There have been approximately 250 stamps issued bearing Gandhi's image from 80 different countries worldwide. There are at least a hundred monuments commemorating Gandhiji in different countries of the world. Thus Gandhiji symbolizes soul-force to the whole world even to this day. We too have MG Roads in almost every city/town and numerous Gandhi statues too.
But do we still value our Mahatma?
This year marks the 150th birth anniversary of the Mahatma. Apart from some formal mention here and there, it is obvious that the celebration is low-key. There appears to be a deliberate move to stymie the importance of the father of the nation.

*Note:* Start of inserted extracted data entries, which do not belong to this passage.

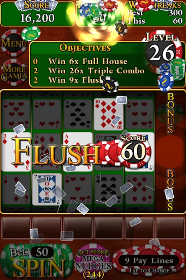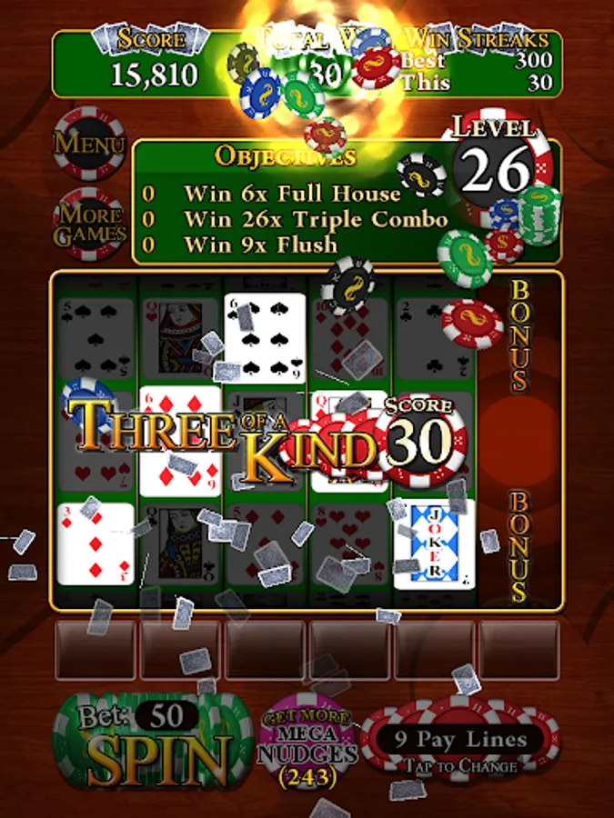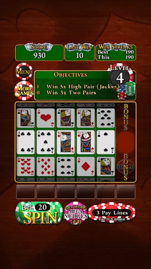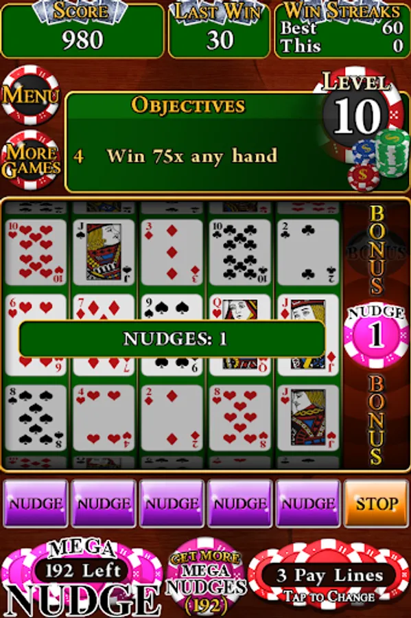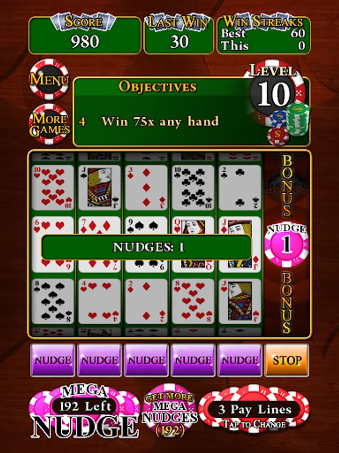 Stop the bonus reel on a nudge symbol, then nudge the reels to line up even better wins. Using your nudges to make an optimal win can be quite a challenge, especially when you take into account multiple pay lines and wild card jokers. Optimal play requires genuine skill and cunning.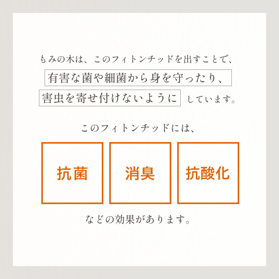 もみの木には「抗菌」「抗酸化」「消臭」などの効果がありつつも、人体には影響のない程度のフィトンチッドが含まれています。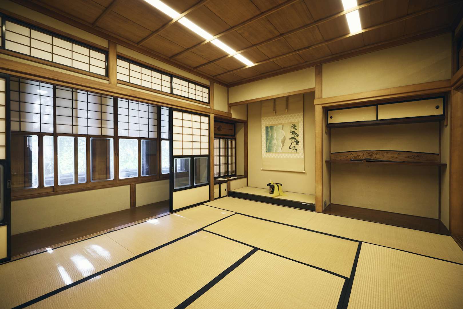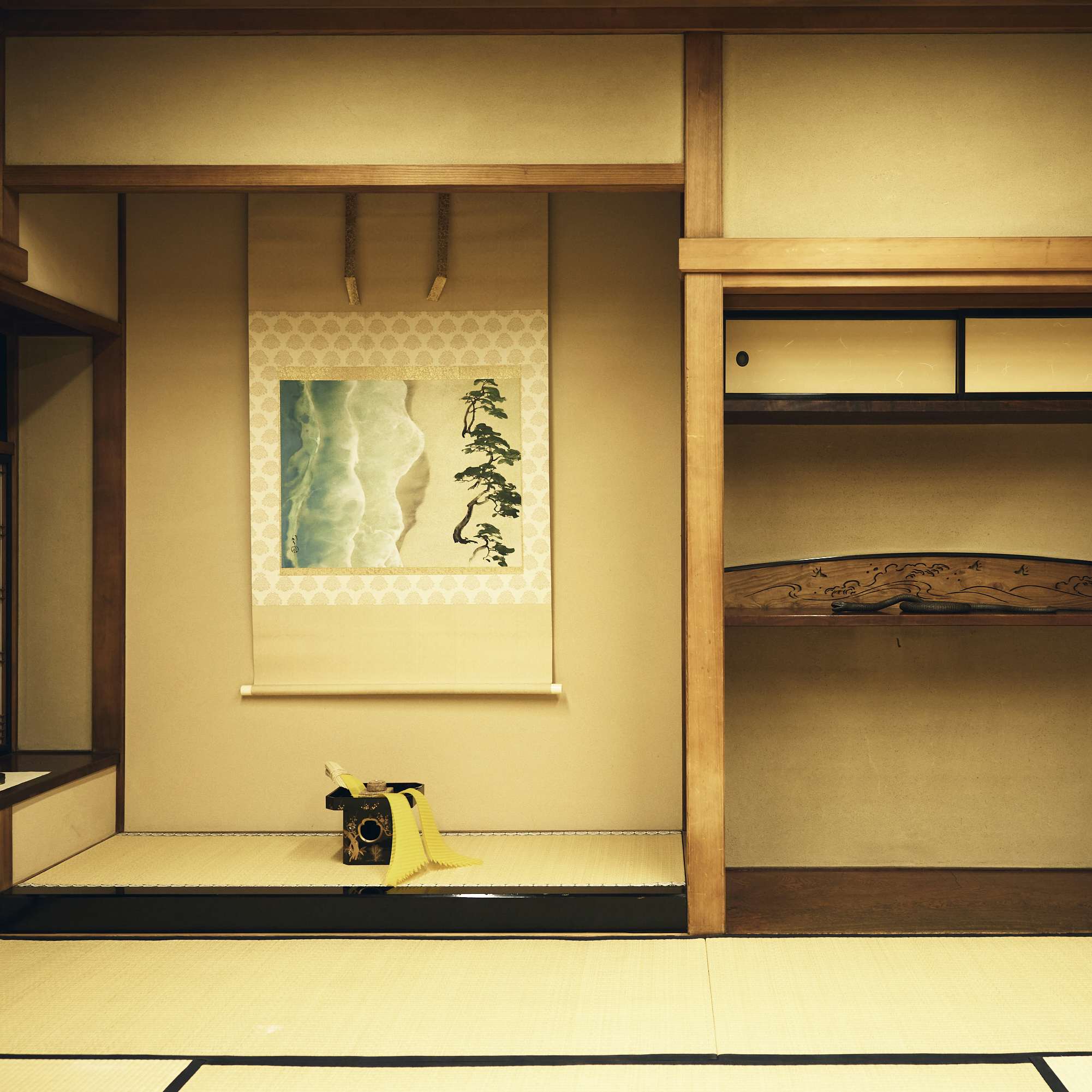 小西哲哉(以下、小西) 床の間に飾ったのが、波打ち際を真上から俯瞰した図と横から見た松を平面に落とし込んだ、川端龍子の《浜松図》という掛け軸です。キュビズムのようですが、アメリカのフリーア美術館が所蔵する俵屋宗達の《松島図屏風》に見る松の描き方と似ているので、おそらく龍子はそうした作品から着想を得て描いた絵ではないかと思われます。その下に、正月なのでのし飾りをさせてもらっていますが、のし押さえに使っているのは、川瀬忍さんという現代の陶芸家による作品です。2009年から12年ほどかけて薬師寺の東塔が改修されたのですが、その礎となる石の下の「基壇の土」をいただいて焼いたものです。つまり、1300年前の天平時代の土が用いられています。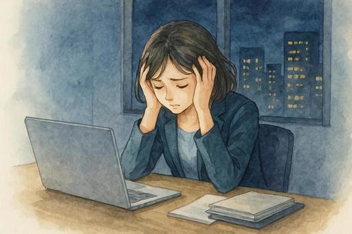 残業が終わらずに頭を抱える女性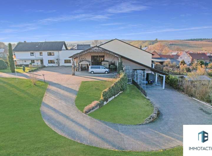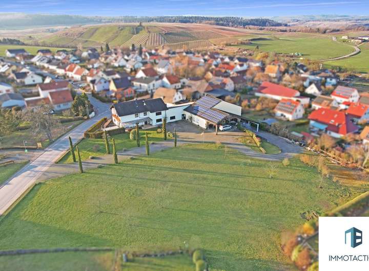 Dieses beeindruckende Anwesen vereint auf einer Grundstücksfläche von 6.453 qm ein großzügiges Einfamilienhaus mit einem etablierten Weingut. Eine einzigartige Gelegenheit für Weinliebhaber, Selbstständige oder Investoren. Die Kombination aus modernisiertem Wohnbereich und betrieblicher Fläche macht diese Immobilie zu einem besonderen Angebot.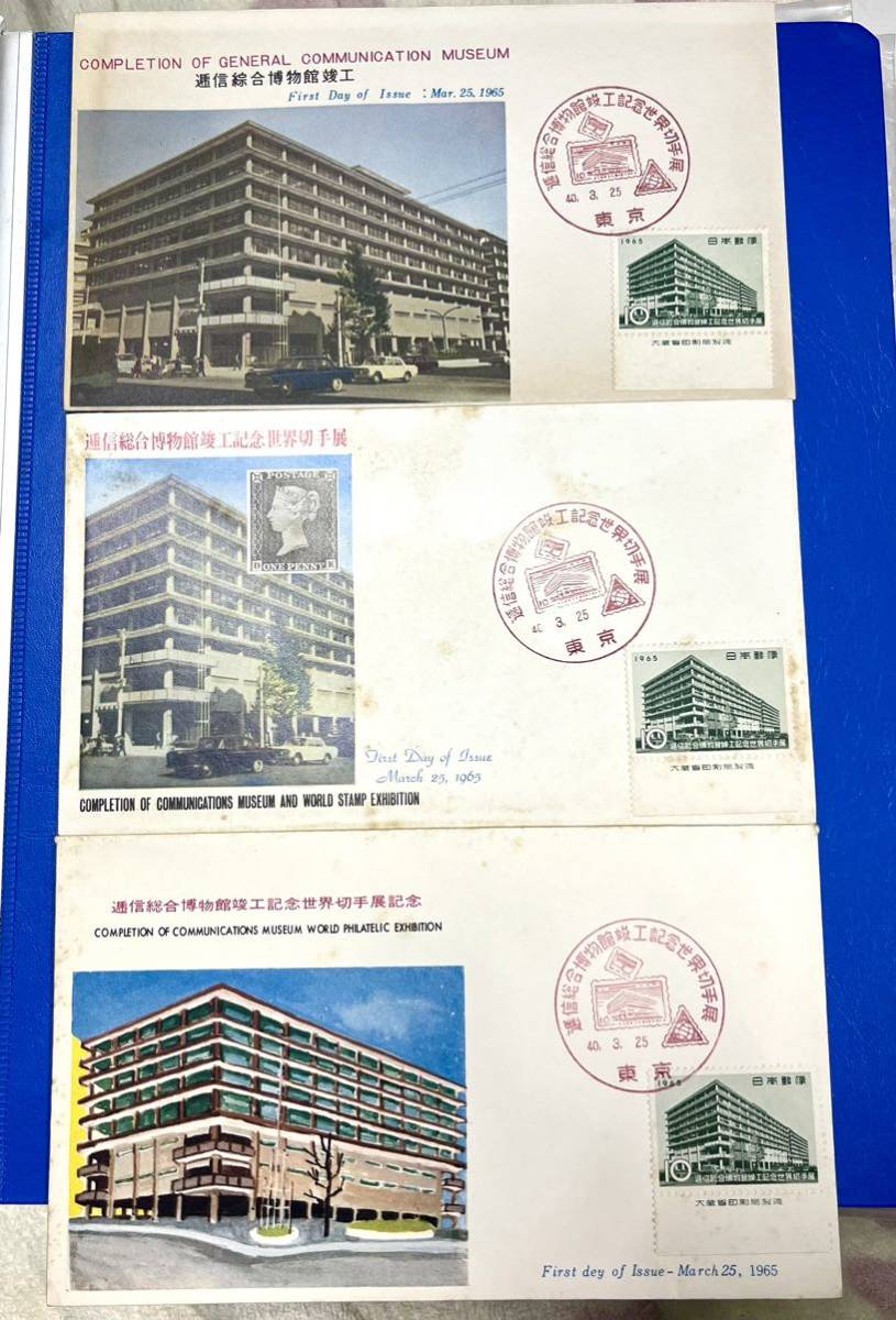 > 逓信総合博物館竣工記念世界切手展記念切手 3枚セット 1965年昭和40年初日カバーFirst day Cover 東京印 切手文化部 【送料84円】 k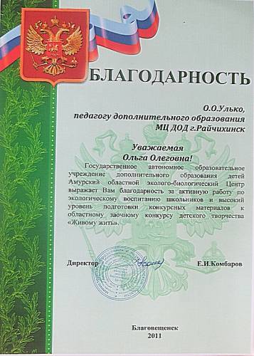 ФотоальбомыБлагодарностьЗа активную работу по экологическому воспитанию
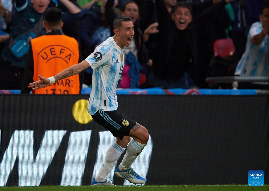 Angel Di Maria of Argentina celebrates his goal during the Finalissima 2022 match between Italy and Argentina in London, Britain, June 1, 2022. (Photo by Pablo Morano/Xinhua)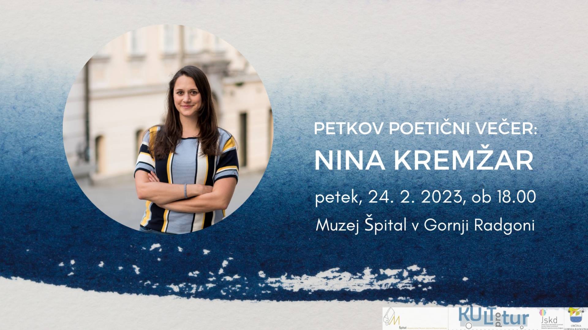 Muzej Špital v Gornji RadgoniZ Nino Kremžar se bomo podali na odprto morje, kjer smo na milost in nemilost prepuščeni temeljnim bivanjskim vprašanjem, kolektivnim zgodbam in osebnim spominom. Nina vešče zarisuje brezčasnost skozi sodobno modernistično poezijo. Lovi izmuzljivo stalnost minevanja in niza odtise brezsnovnega, ki ostaja minevanju navkljub. Ali prav zaradi tega. Vabi nas na odprto morje, v brezkompromisno plovbo med tam, takrat in tukaj, zdaj. Med nikoli in zmeraj. Med nekoč in slej ko prej.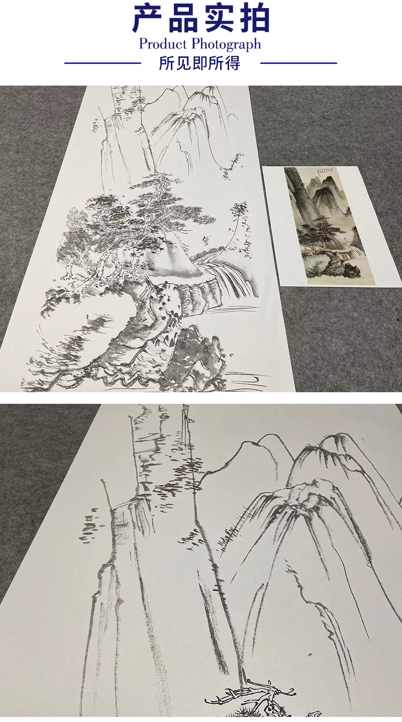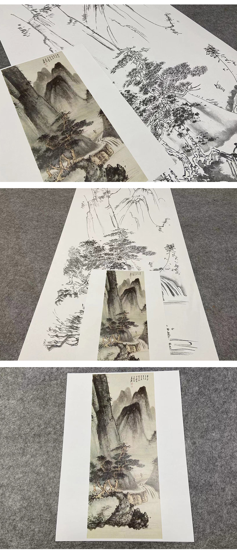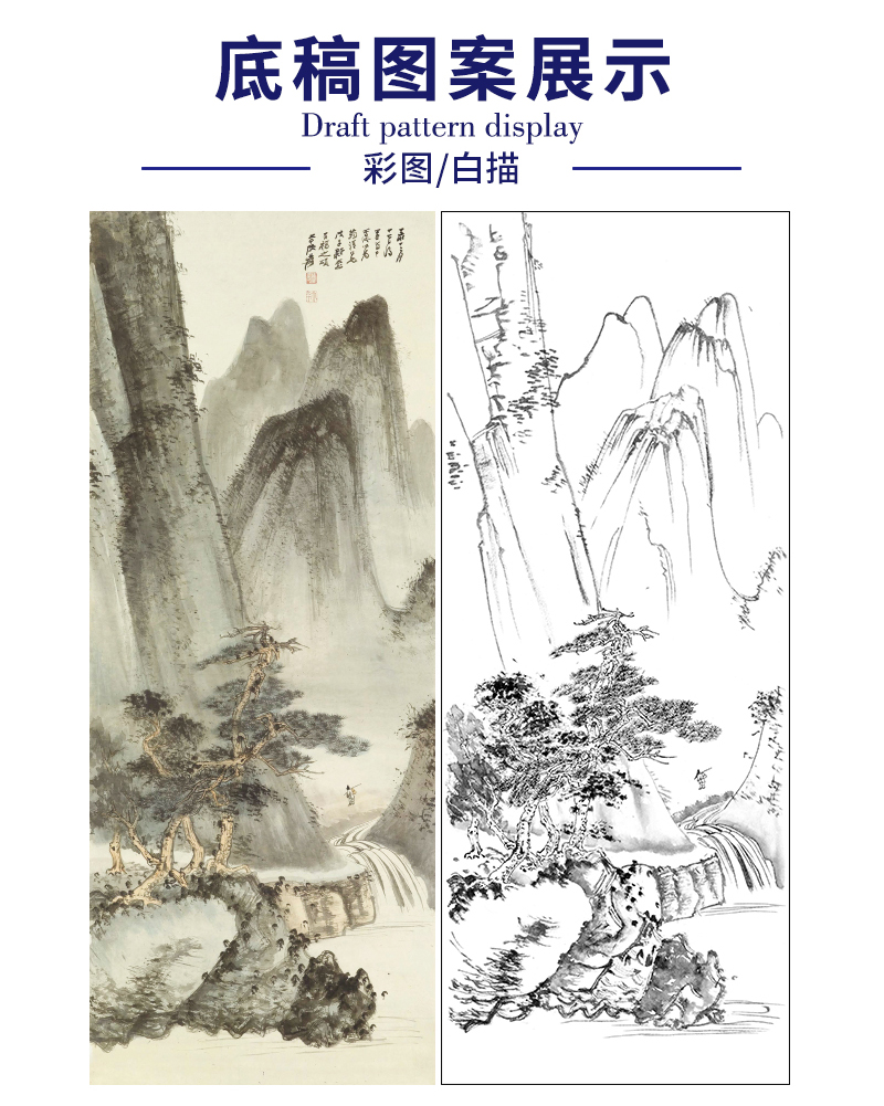 张大千竖幅工笔山水白描底稿临摹勾线高清打印稿QD08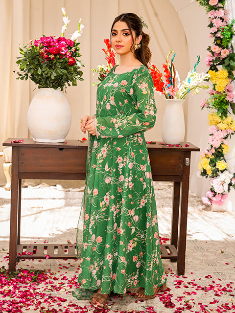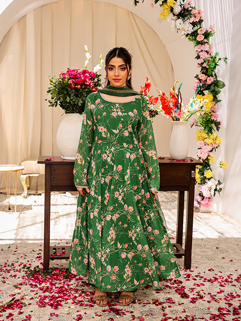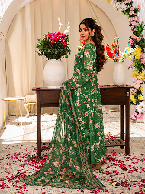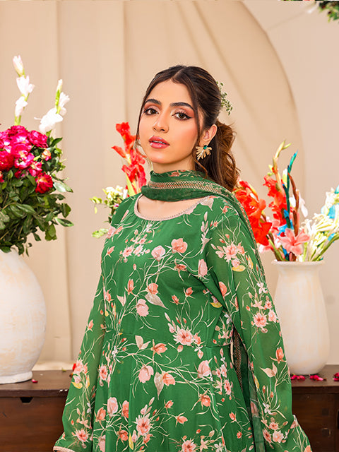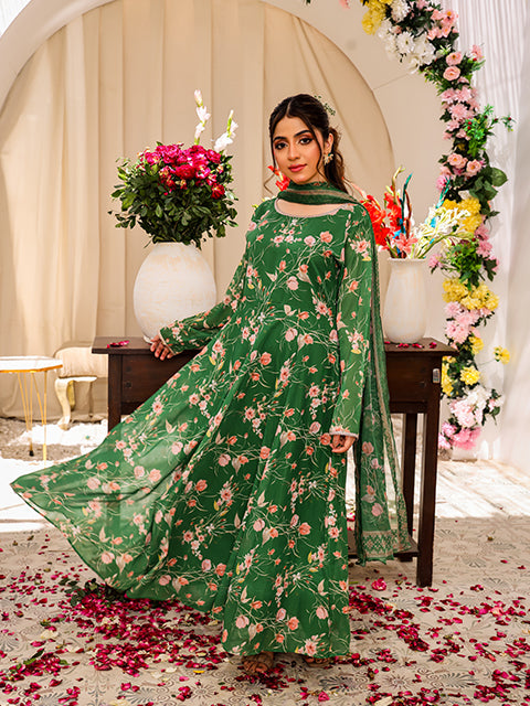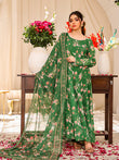 This enchanting green frock features a delicate floral print that evokes the beauty of a blooming garden. With lace adorning the neckline and a flowing dupatta, it exudes grace and freshness. “Verte Floraison” captures the essence of nature’s elegance in every detail.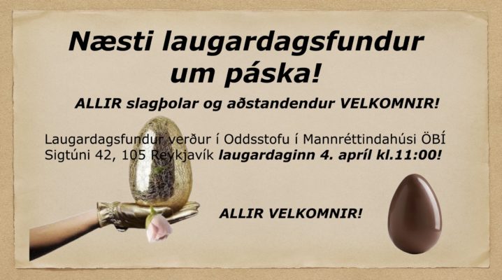 REYKJAVÍK – FÉLAGSFUNDIR OPNIR ÖLLUM – KAFFI Á STAÐNUM!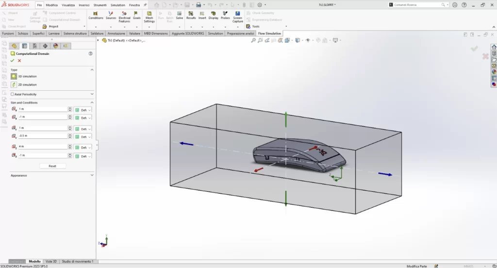 Nel configurare manualmente il dominio computazionale, è importante evitare di ridurre eccessivamente la zona circostante il baule, al fine di studiare accuratamente la dinamica del flusso. Le opzioni di configurazione del dominio computazionale sono varie: è possibile impostare simmetrie nel dominio, riducendo la complessità dello studio, o optare per studi 2D, trattando il dominio come un semplice foglio per analizzare il comportamento del fluido in una specifica sezione.
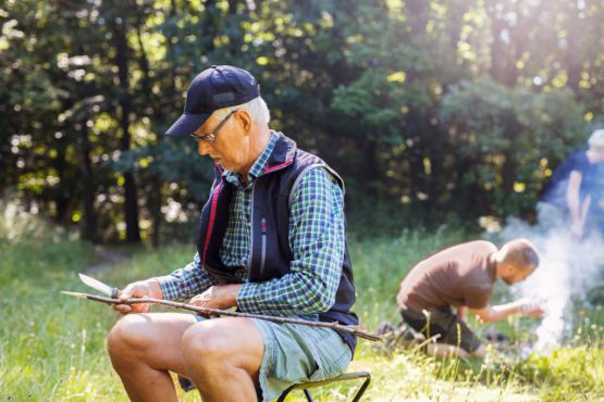 Family Time,Leisure,Recreation,Together,Bonding,Preparation,Horizontal,Outdoors,Day,Full Length,Five People,Preschool Age,2-3 Years,25-29 Years,55-59 Years,65-69 Years,Young Women,Mature Women,Boys,Mid Adult Men,Senior Men,Father,Mother,Son,Grandfather,Grandmother,Grandson,Multi Generation Family,Childhood,Adult Offspring,Two Parents,Family With One Child,Nature,Sunlight,Tree,Meadow,Tranquil Scene,Backpack,Cheerful,Togetherness,Picnic Table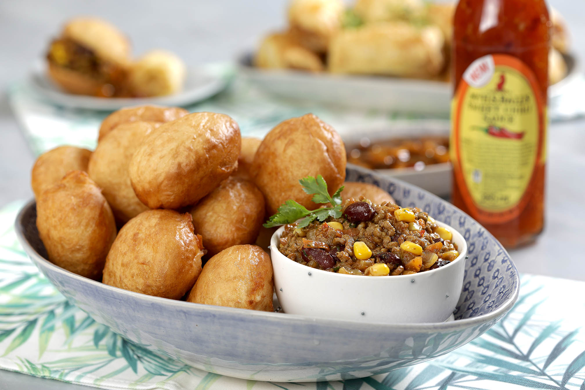 Serving suggestion: serve in vetkoek with grated cheddar cheese, as a pita or wrap filling or over baked potatoes with cheese. For snacks or finger food menu, simply reduce the size of the dough balls for the perfect bite sizes treat.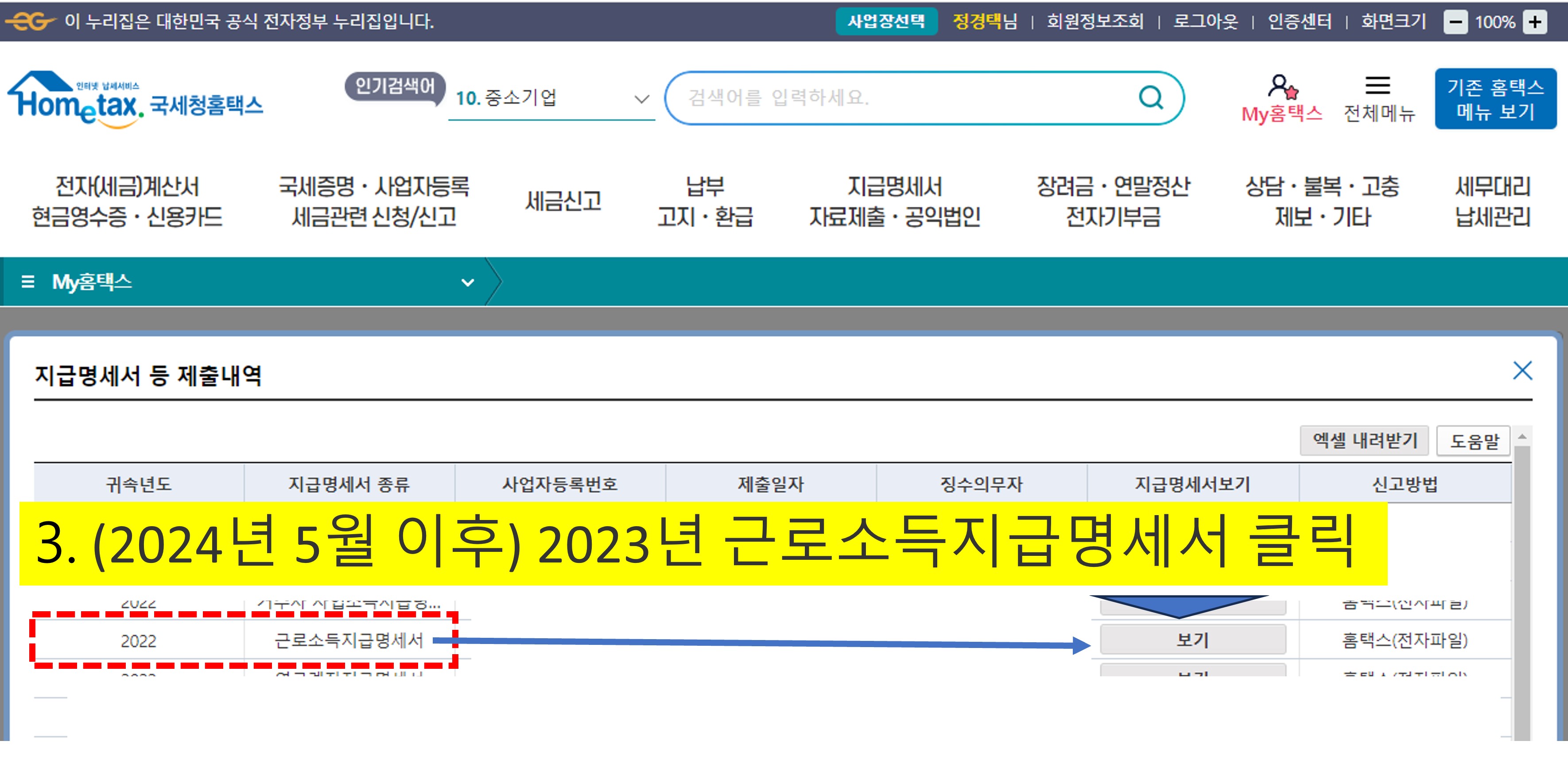 홈택스▶My홈택스 ▶연말정산·지급명세서 ▶지급명세서 등 제출내역 ▶2023년 근로소득지급명세서

If that is true, it is a grievous mistake. It is not only a disservice to the nation, but also the height of ingratitude. No nation can forget the pangs of its birth, much less the ones who nursed it out of the deep recesses of slavery and poverty. It is filial ingratitude, to say the least.
Is Gandhiji only a serendipitous phenomenon, or is he worth much more? The fact of the matter is that we do not seek to understand the significance and uniqueness of this great soul. He is more than a freedom fighter. He is not even a revolutionary in the classical sense. He has not been a rabble-rouser or a great orator. In fact he doesn’t fit into any of our familiar stereotypes. He is Abraham Lincoln, Martin Luther King Jr and Nelson Mandela combined. He has had the mass appeal of the American heroes and the long saga of suffering of the African icon.
Gandhiji therefore is not a political iconoclast or a charismatic leader. He has been beyond and above all these. His strength was in his absolute commitment to truth and purity of purpose. He understood truth as a divine force, a meeting point of the divine and the human, time and eternity. Non-violence was not just a creed or dogma for him, it was a saintly vision based on his belief that when truth is your armour, there is nothing to fear. Satyagraha literally means holding on to truth. The triumph of truth was his main article of faith; but he did not believe in the supernatural triumph of truth. He believed that truth triumphs through human action in which clarity, courage and accountability to God were essential ingredients. Such a course of action demanded extreme patience. At a time when truth is manufactured on the assembly-lines of political expediency, we find it increasingly difficult to believe that Gandhiji is still the father of this nation.
Gandhiji lived a selfless life on the sheer strength of ‘character and soul force’. He was assassinated because he could not be tamed. His frail physique carried a tremendous will-power and moral conviction that stood up against the might of the British Empire. His voice could be stilled, but his silence has become more eloquent than his voice. His life still remains his message, a life of simplicity clothed in truth and non-violence. His life and testimony have become part of the history of our species. His voice is heeded with respect by the world. Bapu’s legacy lives on; and, as Nehru said in Bapuji’s funeral speech, this light will continue to illumine our life till the end of history.